### Records for this task
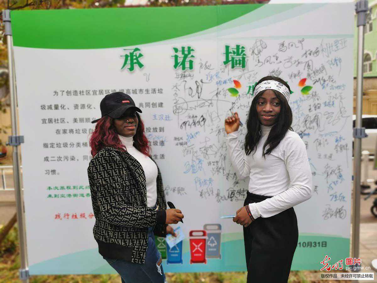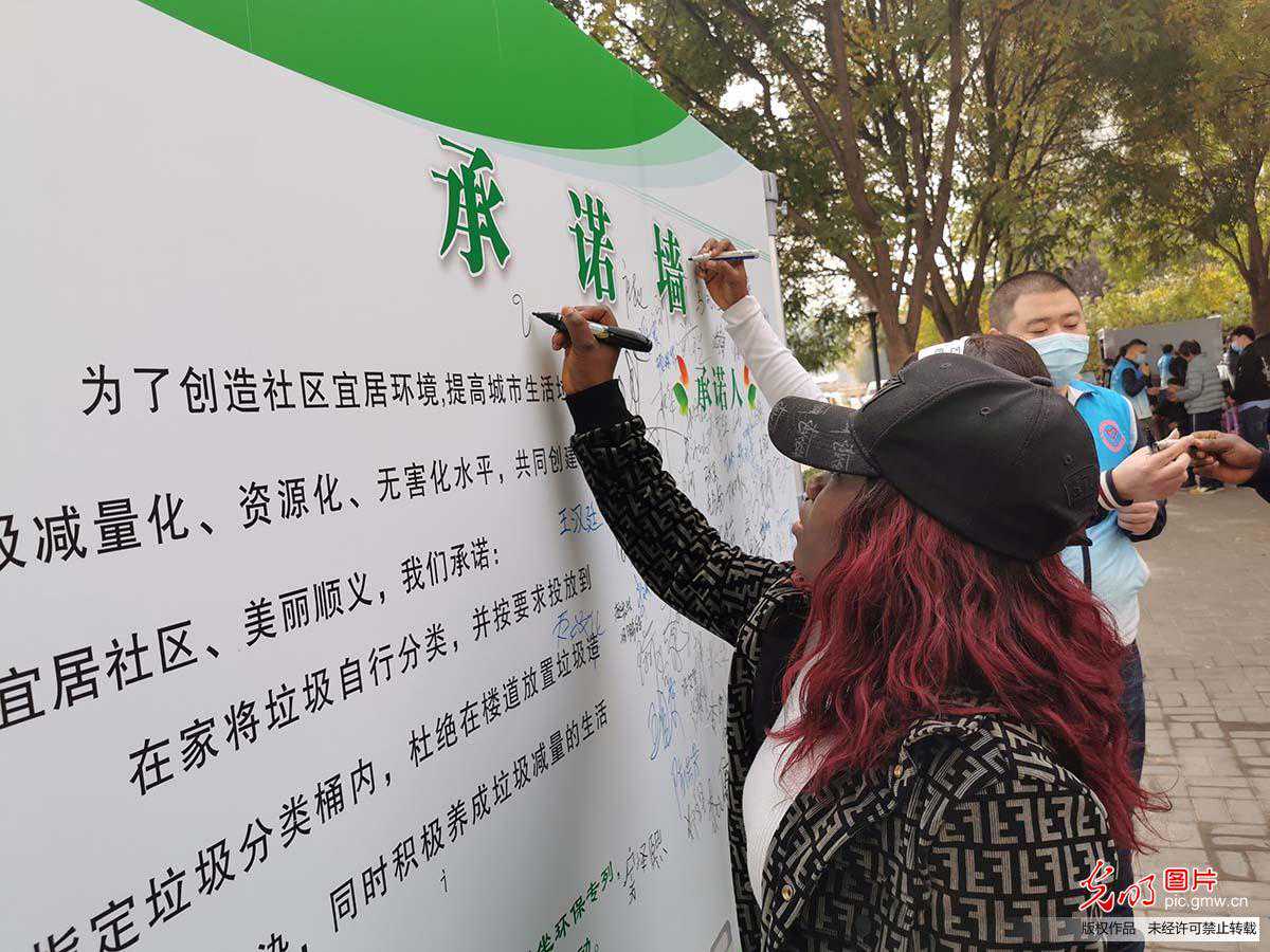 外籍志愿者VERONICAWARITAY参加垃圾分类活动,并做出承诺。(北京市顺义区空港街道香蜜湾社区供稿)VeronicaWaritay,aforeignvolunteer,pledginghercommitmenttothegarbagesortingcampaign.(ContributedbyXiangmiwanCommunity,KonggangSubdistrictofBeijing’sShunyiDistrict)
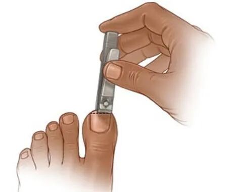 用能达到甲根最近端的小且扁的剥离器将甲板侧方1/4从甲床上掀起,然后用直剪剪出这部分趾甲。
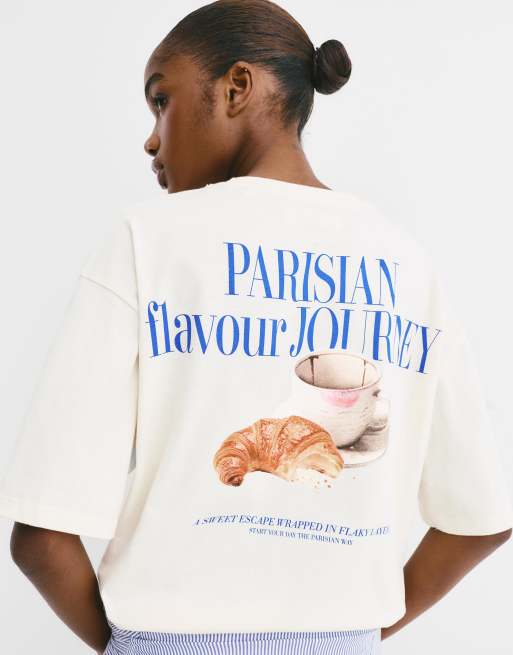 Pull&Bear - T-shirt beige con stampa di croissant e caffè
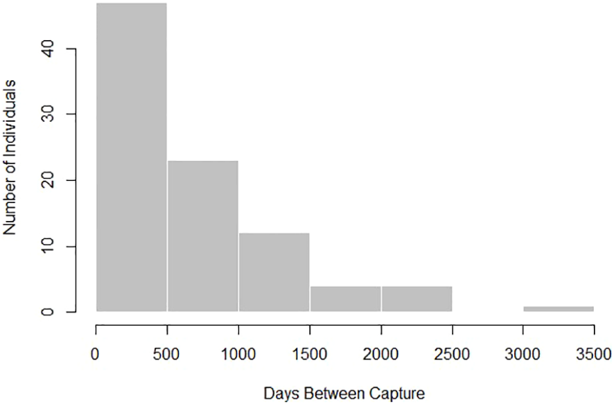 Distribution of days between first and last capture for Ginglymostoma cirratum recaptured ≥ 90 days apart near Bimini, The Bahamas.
######
### Records for this task
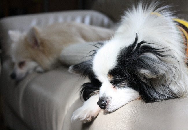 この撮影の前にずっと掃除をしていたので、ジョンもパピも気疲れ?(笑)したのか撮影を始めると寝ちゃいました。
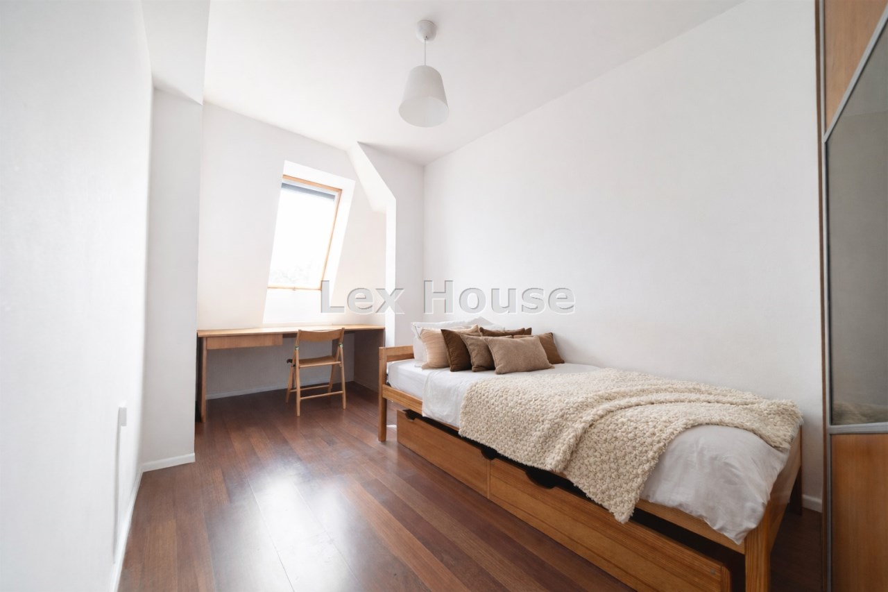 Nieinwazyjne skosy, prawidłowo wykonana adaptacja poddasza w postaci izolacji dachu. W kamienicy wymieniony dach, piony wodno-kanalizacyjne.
######
### Records for this task
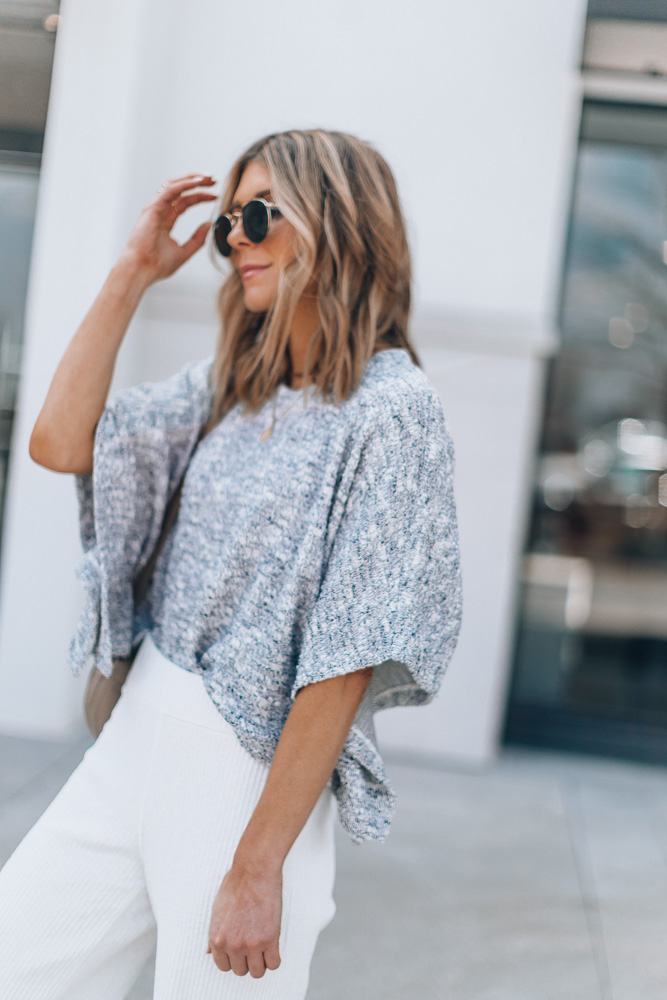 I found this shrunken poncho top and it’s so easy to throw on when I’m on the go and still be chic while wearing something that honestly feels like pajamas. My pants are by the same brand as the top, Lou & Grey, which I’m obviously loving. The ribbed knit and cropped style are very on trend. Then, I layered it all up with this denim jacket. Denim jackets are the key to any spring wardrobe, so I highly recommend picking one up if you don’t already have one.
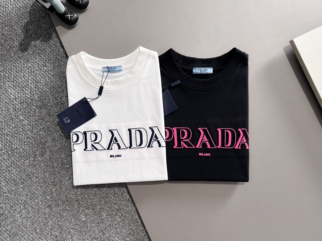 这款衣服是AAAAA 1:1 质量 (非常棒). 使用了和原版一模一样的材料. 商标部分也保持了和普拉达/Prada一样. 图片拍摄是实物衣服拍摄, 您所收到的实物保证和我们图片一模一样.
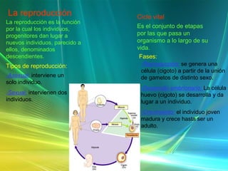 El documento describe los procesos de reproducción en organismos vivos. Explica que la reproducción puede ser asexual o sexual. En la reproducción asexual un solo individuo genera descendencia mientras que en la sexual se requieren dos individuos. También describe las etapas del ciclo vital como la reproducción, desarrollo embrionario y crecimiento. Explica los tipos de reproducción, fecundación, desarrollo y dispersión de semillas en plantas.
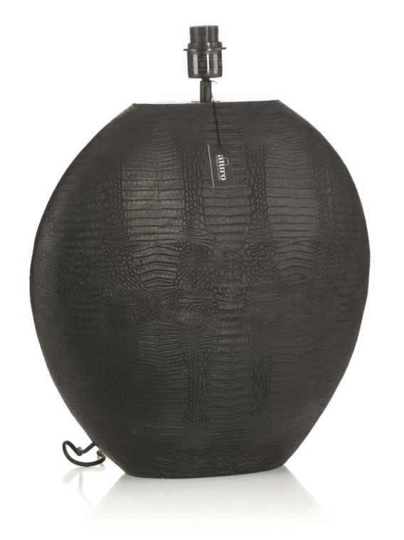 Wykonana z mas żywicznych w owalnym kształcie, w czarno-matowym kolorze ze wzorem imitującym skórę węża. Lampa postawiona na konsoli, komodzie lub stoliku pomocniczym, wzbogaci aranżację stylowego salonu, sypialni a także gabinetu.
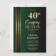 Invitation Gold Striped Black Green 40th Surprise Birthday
######
*What this task involves*:
An exact copy of the lines above from the one with "Wykonana z mas" up to and including the one with "Invitation Gold Striped" is required; reproduce only those lines, omitting all pictures.

*Exercise response*:
 Wykonana z mas żywicznych w owalnym kształcie, w czarno-matowym kolorze ze wzorem imitującym skórę węża. Lampa postawiona na konsoli, komodzie lub stoliku pomocniczym, wzbogaci aranżację stylowego salonu, sypialni a także gabinetu.
 Invitation Gold Striped Black Green 40th Surprise Birthday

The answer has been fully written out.